In this lab we'll put together a simple shell. We'll interact with the filesystem and learn some useful facets of the JavaScript programming language.
1 hour
- The global process variable
- Filesystem operations
- Working with streams
- JavaScript practice
Commands will be provided to our shell through the process' standard in. By default, Node does not enable standard input. So the first thing we'll do is enable standard in and echo the commands.
Create a new file called shell.js and add the following:
var stdin = process.openStdin();
stdin.on('data', function(input) {
console.log(input);
});Before we go any further, let's experiment with what the above code does.
node shell.js
Type anything and press enter. Notice that the input is line buffered. To shut down the process press CTRL+C. The output of your response might look something like this:
foo
<Buffer 64>
bar
<Buffer 64>
Note we're printing out a Buffer object. That's because the input variable does not contain the string value of your input directly.

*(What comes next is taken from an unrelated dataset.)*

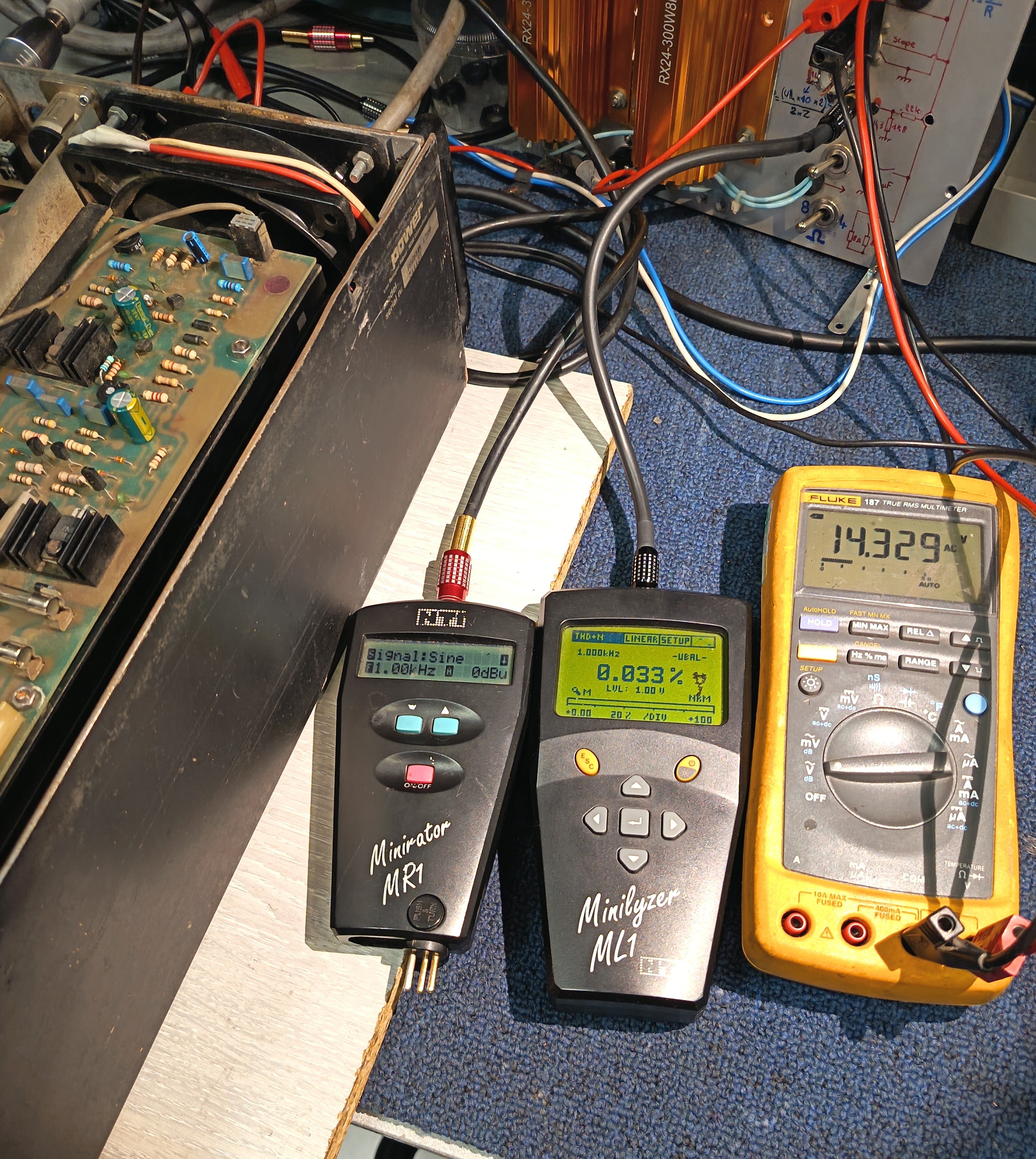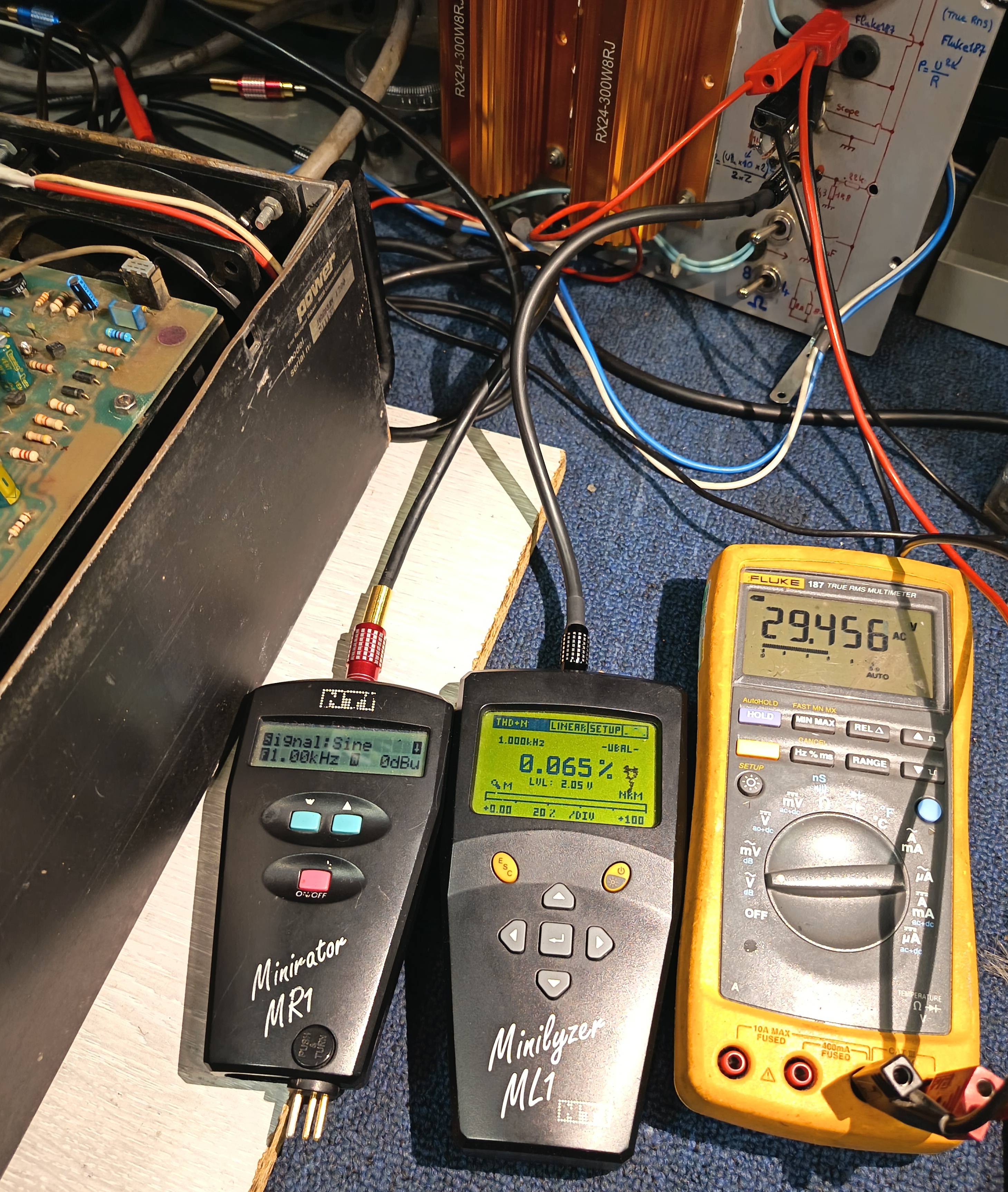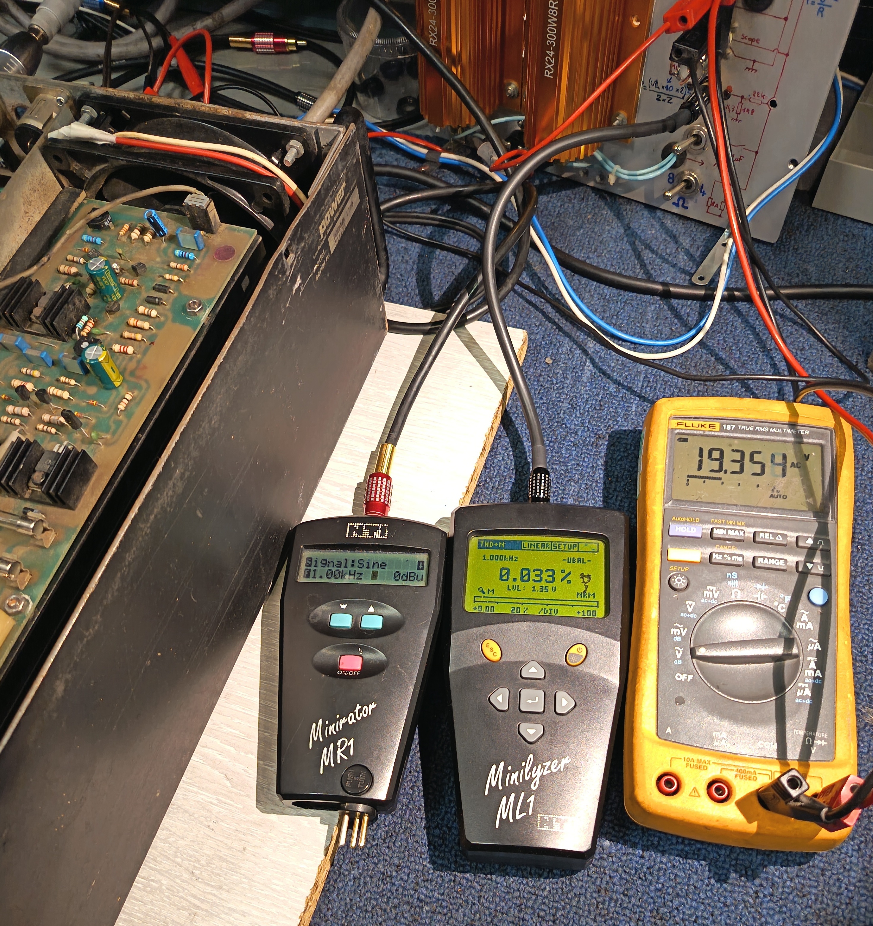 Prises : Entrées BF 4x XLR, 2x Cinch, sorties 2x HP bornier banane 4mm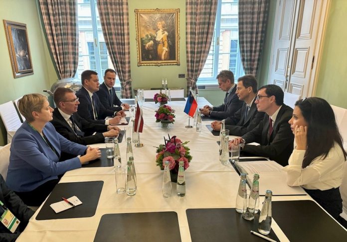 S.D. Erbprinz Alois von und zu Liechtenstein und Aussenministerin Dominique Hasler bei der Münchner Sicherheitskonferenz: Treffen der liechtensteinische Delegation mit dem lettischen Präsidenten Edgars Rincevics. Foto: IKR

It's worth noting that, at this point, the buffer exists completely outside of JavaScript memory. Interacting with this buffer will move data across the native to JavaScript boundary. For example, calling input.toString() will create a new JavaScript string containing the entire contents of the Buffer. An optional encoding can be specified as the first argument of the toString function (ie input.toString('utf8')).
Since we're working with relatively short commands lets go ahead and call input.toString() on the Buffer. Now starting up the shell and typing any value will result in the expected output ending with the new line character.
The next step is to parse the input string. The commands in our simple shell will take the form:
command [args...]
A regex can separate the arguments from the command: /(\w+)(.*)/. We can then parse the argument part of this by splitting each argument by white space.
stdin.on('data', function (input) {
var matches = input.toString().match(/(\w+)(.*)/);
var command = matches[1].toLowerCase();
var args = matches[2].trim().split(/\s+/);
});Feel free to check out the result of this by logging out the value of command and args. You may want to add a little more logic to make this resilient to malformed input. But we'll leave that excercise up to you.
pwd is a program to print out the current working directory. Let's implement this in our shell.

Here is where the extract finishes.